The Moving Toyshop

The Moving Toyshop, by Edmund Crispin

I don't know what blogger first mentioned Edmund Crispin, but I've been hoping to read something by him ever since.  Luckily for me, my mom found The Moving Toyshop.

The story belongs to Richard Cadogan, a respected but poverty-stricken poet who heads off to Oxford on a holiday.  He blunders into a murder scene in a toyshop, but when he leads police back to the shop, it's a grocery store and there's no body.  Enter Cadogan's old friend, Professor Gervase Fen, who solves mysteries in his spare time!

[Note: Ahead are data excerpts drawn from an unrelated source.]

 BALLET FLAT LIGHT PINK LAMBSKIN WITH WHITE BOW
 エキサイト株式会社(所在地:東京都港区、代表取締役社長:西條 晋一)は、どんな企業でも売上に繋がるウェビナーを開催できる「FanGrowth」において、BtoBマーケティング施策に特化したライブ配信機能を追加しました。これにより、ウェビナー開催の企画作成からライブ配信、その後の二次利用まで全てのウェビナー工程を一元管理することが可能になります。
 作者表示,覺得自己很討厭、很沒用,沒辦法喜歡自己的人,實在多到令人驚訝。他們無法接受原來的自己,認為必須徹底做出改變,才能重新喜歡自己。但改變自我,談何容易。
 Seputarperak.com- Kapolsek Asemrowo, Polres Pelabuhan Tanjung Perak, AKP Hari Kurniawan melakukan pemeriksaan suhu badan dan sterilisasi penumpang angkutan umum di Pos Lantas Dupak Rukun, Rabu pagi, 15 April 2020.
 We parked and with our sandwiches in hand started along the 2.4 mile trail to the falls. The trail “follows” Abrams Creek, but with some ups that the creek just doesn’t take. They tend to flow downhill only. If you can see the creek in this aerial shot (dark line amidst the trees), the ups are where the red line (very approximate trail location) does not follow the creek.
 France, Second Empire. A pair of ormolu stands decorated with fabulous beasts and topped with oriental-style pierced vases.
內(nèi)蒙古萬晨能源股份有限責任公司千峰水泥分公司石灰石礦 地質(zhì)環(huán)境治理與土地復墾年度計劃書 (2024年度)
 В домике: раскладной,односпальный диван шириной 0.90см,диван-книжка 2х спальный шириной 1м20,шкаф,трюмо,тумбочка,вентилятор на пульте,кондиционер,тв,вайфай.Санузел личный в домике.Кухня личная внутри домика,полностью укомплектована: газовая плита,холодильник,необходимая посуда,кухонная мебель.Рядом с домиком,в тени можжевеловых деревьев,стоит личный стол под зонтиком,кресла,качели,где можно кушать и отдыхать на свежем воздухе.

The mystery was quite good, in the cozy British tradition.  But it's the fun that really makes the story.  The characters are eccentric or engaging, and the detectives are forever coming up with oddball quotations, solving clues with Lear limericks, or--best of all--playing literary games like "Awful Lines from Shakespeare" or "Detestable Characters from Fiction."  For example:

“Let’s play ‘Unreadable Books.’”
 “All right. ‘Ulysses.’”
 “Yes. ‘Rabelais.’”
 “Yes. ‘Tristram Shandy.’”
“Yes. ‘The Golden Bowl.’” 

“Yes. ‘Rasselas.’”
 “No, I like that.”
 “Good God. ‘Clarissa,’ then.”

"Yes.  'Titus--"
"Shut up a minute.  I think I can hear someone coming."
Plenty of improbable and literary fun; I want to read more!


  1. And I've got more! But not all of them. I'm working on that.

  2. Sounds intriguing. Thanks for bringing this author to my attention.